As a candidate for the qubits — the basic units of quantum information — in quantum computers, photons have one major advantage over the electrons used in all current devices. Unlike electrons, photons, the smallest possible quantity of light, do not easily interact with their surroundings. So, unlike its electron-based counterpart, a photonic quantum device would not need to be cooled to nearly absolute zero to limit unwanted interactions. But such a device does not exist — yet.

To advance the field of photonic quantum devices, physicist Esther Wertz has been awarded a National Science Foundation Faculty Early Career Development Program (CAREER) award to investigate nanometer-scale metal structures that will control light at the quantum limit, one photon at a time. Her work will contribute to the creation of a single photon transistor.

"I’m interested in understanding how quantum states — either single photons or qubits — interact with components of what, in the future, might be a photonic quantum circuit,” said Wertz, an assistant professor of physics, applied physics, and astronomy at Rensselaer Polytechnic Institute. “My work is aimed at manipulating quantum states without destroying superposition.”

Quantum computers exploit quantum-specific properties of particles, such as superposition and entanglement, giving them an exponential advantage over classical computers. But to harness these properties in a photonic quantum circuit, we must be able to electromagnetically hold and release a photon, much as a classical transistor holds and releases a current of electrons.

A photon can be held in a device known as an optical cavity, and Wertz is interested in exploring a type of optical cavity which relies on plasmonic nanoparticles or “plasmons,” quasiparticles arising from the collective motion of electrons on the surface of a metal.

“Plasmonic nanoparticles can confine light to very small volumes, smaller than the diffraction limit of light, and because the plasmons can confine the field to much smaller volumes than other cavities, you can get very strong interactions between light and matter within them,” Wertz said.

Within the plasmonic cavity, Wertz will place a single emitter, a material capable of emitting and absorbing one photon.

Under highly specific conditions, it is possible for the photon to be alternately absorbed and re-emitted, a reversible exchange of energy that gives rise to a half-light half-matter particle called a polariton.

The polariton is what allows the single photon transistor to work. If the emitter is coupled to the cavity strongly enough to form a polariton, the polariton will be capable of absorbing one photon. At that point, Wertz would have a device capable of holding a photon, or — if it is already holding a photon — allowing a photon to pass. 

To understand how the structure of the cavity and the position of the emitter influence the efficiency with which the emitter may send out photons, Wertz will use plasmonic optical trapping to create a cavity into which she can repeatedly place and remove the single emitter within the gap, testing different positions and outcomes.

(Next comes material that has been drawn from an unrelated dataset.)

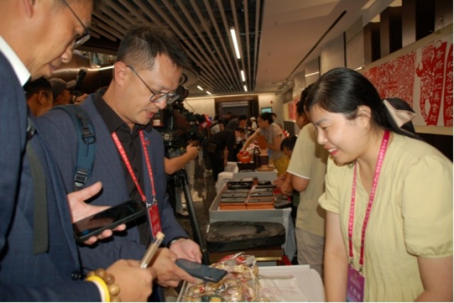 外场还设置了江西文旅推介会非遗展示项目,共青香包制作技艺、金星砚制作技艺、武宁布贴画、都昌绳结编织技艺等丰富多元的项目,吸引与会嘉宾深入参与体验。
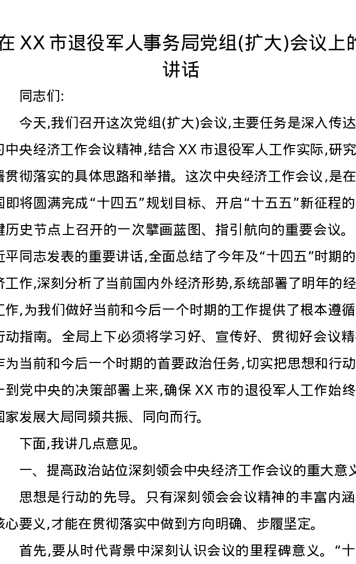 在XX市退役军人事务局党组(扩大)会议上的讲话

To investigate the physics of the emitter as coupled with the nanocavity, she will use a combination of single-molecule super-resolution imaging and fluorescence lifetime imaging, developing techniques specific to her application as part of her research.

“Winning a CAREER award is an honor that recognizes both a researcher’s vision and her ability to realize that vision. It is no surprise that Esther Wertz has been chosen for this honor,” said Curt Breneman, dean of the School of Science. “Esther’s work involves a systematic approach to controlling photons that is certain to advance the frontier of photonic quantum transistor research. We congratulate her and are proud to have her as a colleague.”